Hello! My name is Kayla Lynch. I am a wife and mother of two, and I have worked for I Pour Life for almost four years in our LifeStrengths department. I graduated with my degree in Psychology and Christian Studies and began my journey in the foster care system. I worked as a summer staff member for Good Samaritan Boys Ranch in college. Here, I was introduced to residential living. Out of college, I worked in mental health services before accepting a position at Missouri Baptist Children’s Home (MBCH) as a residential specialist supervisor. While at MBCH, I began diving into trauma-informed care and was introduced to Trust Based Relational Intervention (TBRI). My knowledge of trauma comes from my experiences; therefore, I am not an expert. I am passionate about the importance of trauma-informed care. So, before diving into my experience with TBRI, let’s talk about trauma-informed care.

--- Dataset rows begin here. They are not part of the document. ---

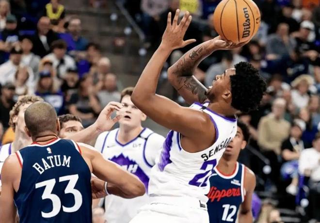 比赛一开跑,两队完全对不上速度节奏,爵士一方体力充沛,快船则明显迟缓无力,攻防两端都缺乏足够侵略性。
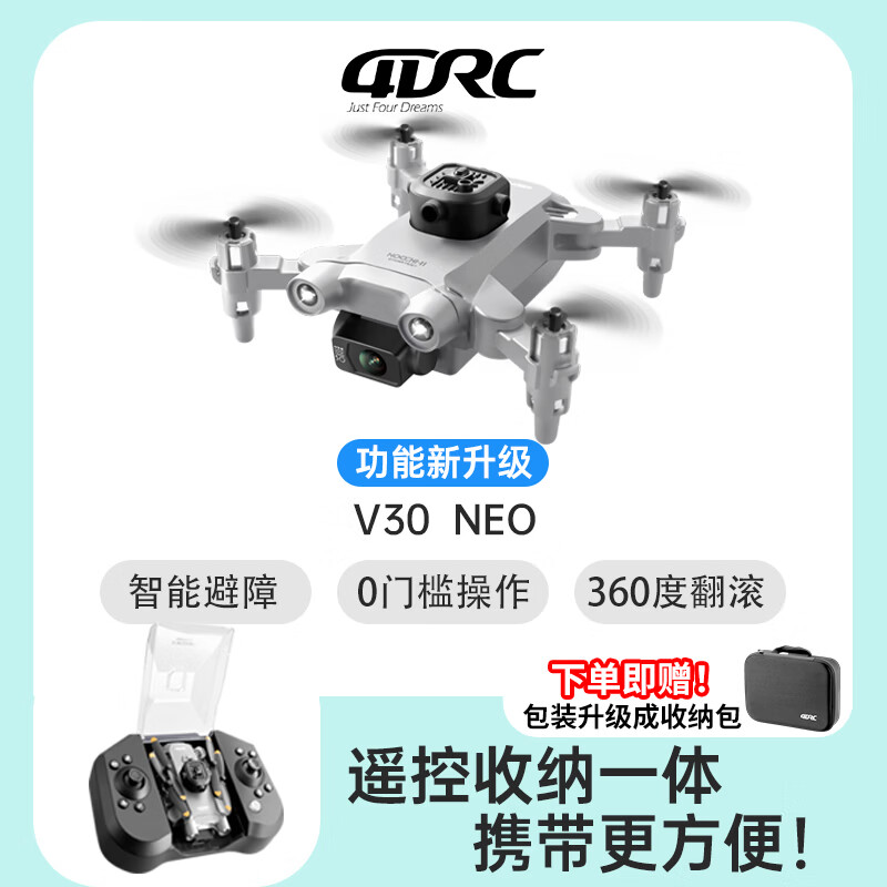旗舰店4DRC非大疆NEO掌上入门无人机航拍智能遥控飞机儿童男孩玩具新年礼物 V30 NEO【无航拍+单模式】智能悬停+自动避障 一块电池(收藏+购物车付款,额外送一块电池)
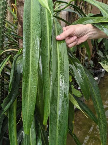 This is a swift and determined climber. When given vertical support, its strong, bayonet-style leaves can stretch up to 3 feet in length at maturity, creating a bold vertical display. The foliage has a firm texture and a rich green tone that enhances its dramatic silhouette as it ascends.
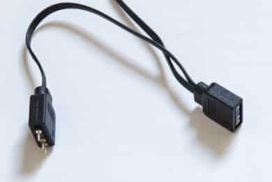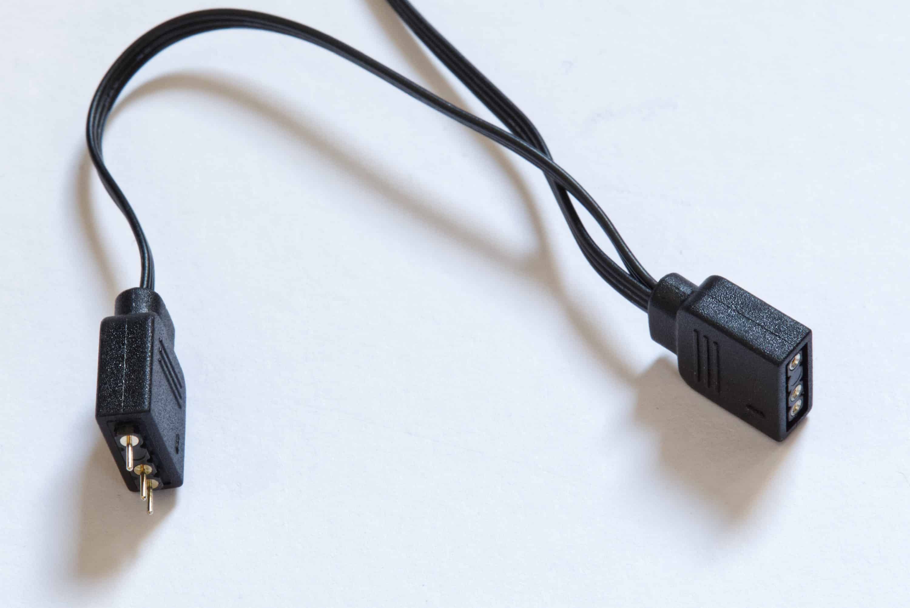 Angenehm ist, dass das RGB-Kabel einen Standard-ARGB-Anschluss besitzt, wodurch der Lüfter eine große Kompatibilität zu RGB-Controllern bietet und keine proprietären Geräte oder besondere Software nötig sind. Apropos Kabel: Diese sind nicht ummantelt, was aber durchaus sinnvoll ist. Denn durch die schmale Ausführung können die beiden Kabel relativ unauffällig verlegt werden. Die RGB-Stecker sind außerdem sowohl als Male als auch als Female vorhanden. Damit kann man mehrere der RGB-Lüfter in eine Reihe schalten, ohne dabei mehrere Header auf dem Mainboard oder dem Controller zu benötigen.

Trauma Informed Care is an approach that leads with the understanding that a person is more likely to have experienced trauma in their life than not experienced trauma at all. So with this approach, you bring a sense of sensitivity when interacting with others. This approach has become critical when working with at-risk youth. All of our population has experienced trauma in some way. Whether through abandonment, abuse, neglect, homelessness, or even just entering the foster care system and gaining the label of “foster youth,” their trauma affects their outlook, behavior, and brain processes. So when coaching, we approach all our youth with this critical trauma-informed approach. I believe that this approach brings dignity, understanding, and necessary gentleness.
There are so many incredible trauma tools, but at I Pour Life, we have spent time learning and utilizing the Trust-Based Relational Intervention or TBRI. Instead of explaining TBRI in my own words, I found this definition: “TBRI is an attachment-based, trauma-informed intervention designed to meet vulnerable children’s complex needs. TBRI uses Empowering Principles to address physical needs, Connecting Principles for attachment needs, and Correcting Principles to disarm fear-based behaviors. While the intervention is based on years of attachment, sensory processing, and neuroscience research, the heartbeat of TBRI is connection.” I have seen firsthand how powerful the TBRI approach can be for foster youth. Focusing on building safety first and having a mindset of healing hurts allows youth to have a trusting adult relationship for maybe the first time. There are so many incredible pieces of training around TBRI that you can find at child.tcu.edu.
When it comes to our LifeCoaching model, understanding trauma and having tools like TBRI to build safety and meet needs is essential. I have been in conversations with my youth where they have expressed how hard it is to trust adults. In coaching, a meeting is pointless if you don’t have the trust of the youth. I remember a youth I coached for over a year and working incredibly hard to build a relationship where safety was the foundation. It wasn’t until she felt safe in our relationship that I could begin pushing her towards achieving goals such as taking her HiSET.
As an organization, we believe that anyone can thrive given the right tools and environment. When trauma is acknowledged, it allows our coaches to build deeper relationships where there is an understanding that we must work hard to heal what others have hurt. Through that acknowledgment, we begin to give our youth the right tools and push them to a healthy environment to thrive. All of our youth have faced trauma in some way, but that doesn’t mean they are incapable of accomplishing their dreams. It means that we, as coaches, must work hard to learn tools such as TBRI to ensure our youth have the best support, care, and growth opportunity.